Вопреки уверениям министра сельского хозяйства, на следующий день после казни принцессы погода не наладилась. Температура и не думала подниматься, а снег все продолжал подваливать. Тузендорф ходил надутый и отчаянно планировал борьбу с мракобесием путем разъяснительной работы, но даже его жена искренне считала, что страна теперь проклята. После того, как за завтраком мадам Тузендорф высказала мужу свое мнение на этот счет, тот прибежал к правителю требовать справедливости и заодно вытрясти какую-нибудь идею по поводу того, как образумить сбрендившее население. Но Орландо даже и бровью не повел, как будто его все это вообще не касалось.

- Уймитесь уже, господин фон Тузендорф. На вашем месте я бы не в бубен стучал, а собирал срочное совещание министерств, потому что такая погода грозит нам серьезными неприятностями, ибо страна к ней совершенно не готова. Проще говоря, что мы будем жрать, когда хлеб закончится?

- Н..неужели вы думаете, что такая погода установится надолго?

- Откуда я знаю? Я не Синий Фазан. Но когда я смотрю в окно, то вижу, что снег не тает, а это значит, что температура достаточно низкая. Черт возьми, сейчас бы жизненный опыт короля Драгомила мне очень пригодился…

- Простите?

Орландо повернулся к нему всем корпусом, давая понять, что его раздражает тупость министра:
- Найдите тех, кто был, а еще лучше – жил в Холодных странах, и разузнайте как можно больше о тамошнем быте. Значение имеют любые мелочи. Почему я должен объяснять вам элементарные вещи?

Тузендорф сделал все, как велено, но на заседание Совета министров Орландо идти отказался.

- Сами, все сами… Я болен.

Последняя фраза вызвала у министра внутренних дел полный ступор своей бессмысленностью – сколько он знал Орландо, тот никогда даже не хворал. И сейчас он не выглядел заболевшим, просто сидел в своем кресле и смотрел в окно, не желая подниматься. Тузендорф в общих чертах понимал причины его расстройства, поэтому не стал настаивать, решив, что великий человек имеет право на маленькие слабости.
А вот сейчас Правитель поднялся, вопреки собственным словам, и добровольно пересек весь город, чтобы достичь самой окраины Сеймора, который он плохо знал и никогда не любил. Героический человек. Тузендорф шел обратно и размышлял, стоит ли говорить ему о полученном донесении, которое он как раз ходил проверить. Сейчас это уже не имело значения, но все же…
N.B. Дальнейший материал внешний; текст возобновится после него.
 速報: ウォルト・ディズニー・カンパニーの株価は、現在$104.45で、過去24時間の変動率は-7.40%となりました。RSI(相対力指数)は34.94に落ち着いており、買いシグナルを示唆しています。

- А вот и я. Все в порядке, Ваша Милость, можем идти.

Правитель выглядел бледненьким и стоял, опираясь на стену. Возможно, свет факелов был тому виной, но казалось, что за прошедшие три дня он постарел на двадцать лет. Тузендорф вздохнул и протянул ему руку со всей почтительностью.
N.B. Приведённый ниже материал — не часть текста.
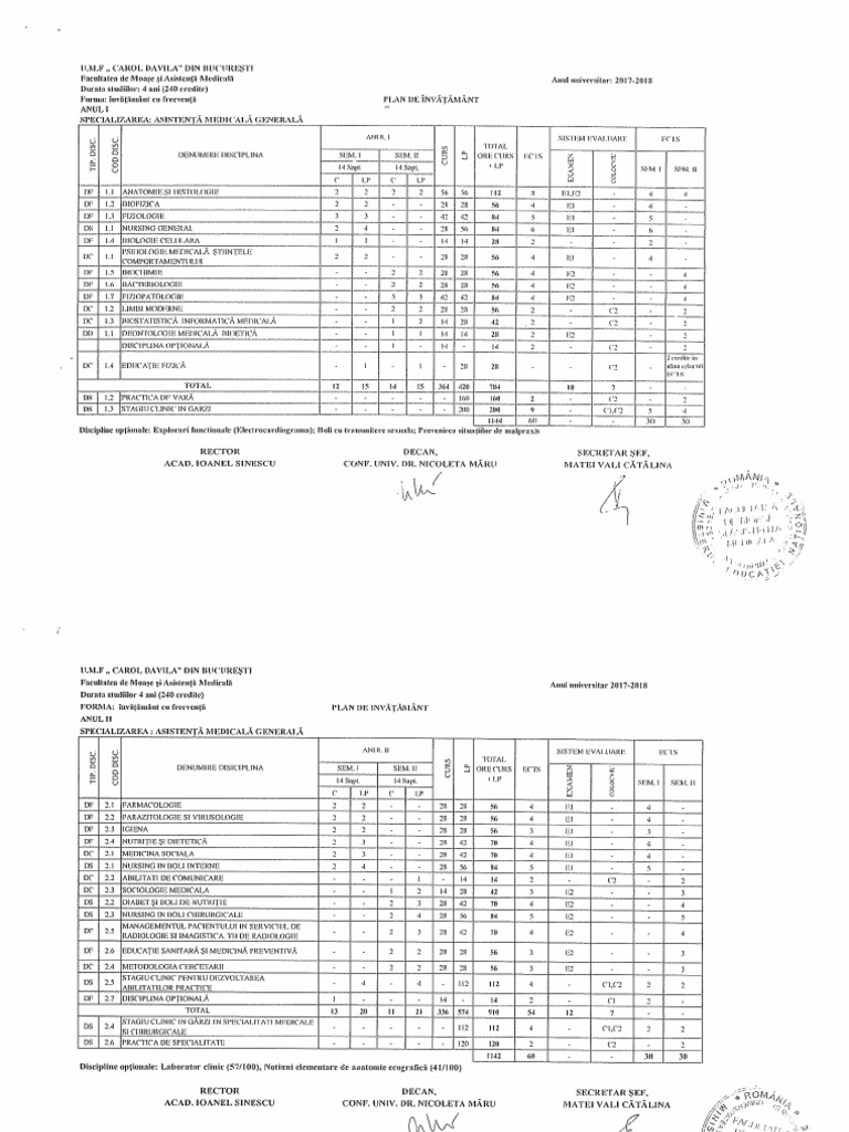 Universitatea De Medicina Si Farmacie Carol Davila Din Bucuresti Plan De Invatamant Anul1

- Скажите, вы часто пользуетесь этим ходом?

- Иногда. Но вещь полезная, поэтому я стараюсь поддерживать его в порядке.

- Вот-вот. Я и хотел спросить, потому что мне показалось, что тут подметено.

Тузендорф улыбнулся.
- Не настолько. Но здесь всегда новые исправные факелы, запас сухих спичек и смазанные замки – за этим строго следят.

- И все же здесь слишком чисто.

Министр поджал губы. Он и правда не хотел говорить, но кто знает, может, так будет лучше?
- Дело в том, Ваше Высокопревосходительство, что здесь действительно подметено, но это сделали не мои люди. – Он помялся. – Я не хотел вам сейчас об этом говорить, чтоб не расстраивать…

Орландо только поднял брови:
- Неужели вы думаете, что меня сейчас что-то еще может расстроить?

Взгляд министра как бы говорил, что это вполне возможно.
- Помните, я упоминал вам о том, что система подземных ходов в Амаранте образовывала правильный четырехугольник? И одна из его вершин заканчивалась в тюрьме на Рыбной улице? Так вот, я уж не знаю как, но некоторые личности проникли в этот ход…

Орландо быстро взглянул на министра, от его заторможенности и следа не осталось.
- … и попытались организовать побег принцессы.

- Что?!!

- Вот видите, я не зря не хотел вам говорить.

- Подождите, с чего вы взяли, что она хотела бежать?

- Не она. Ее сообщники – не удивлюсь, если среди них была эта полоумная Ферро, да и ведьма ДеГрассо тоже могла руку приложить, иначе как бы они попали внутрь? Короче, пойдемте, я вам покажу.

Он взял Правителя под руку и решительно повел его куда-то вглубь, туда, где воздух терял все остатки свежести и становился стоячим, как в любом приличном подземном ходе. Несколько минут они шли молча, потом министр внезапно завалился куда-то влево, в темный провал, который Орландо бы сразу и не заметил. Взяв из рук солдата факел, он пошел впереди, освещая чрезвычайно тесный проход, поднимающийся вверх.
- Обратите внимание, здесь все так же чисто.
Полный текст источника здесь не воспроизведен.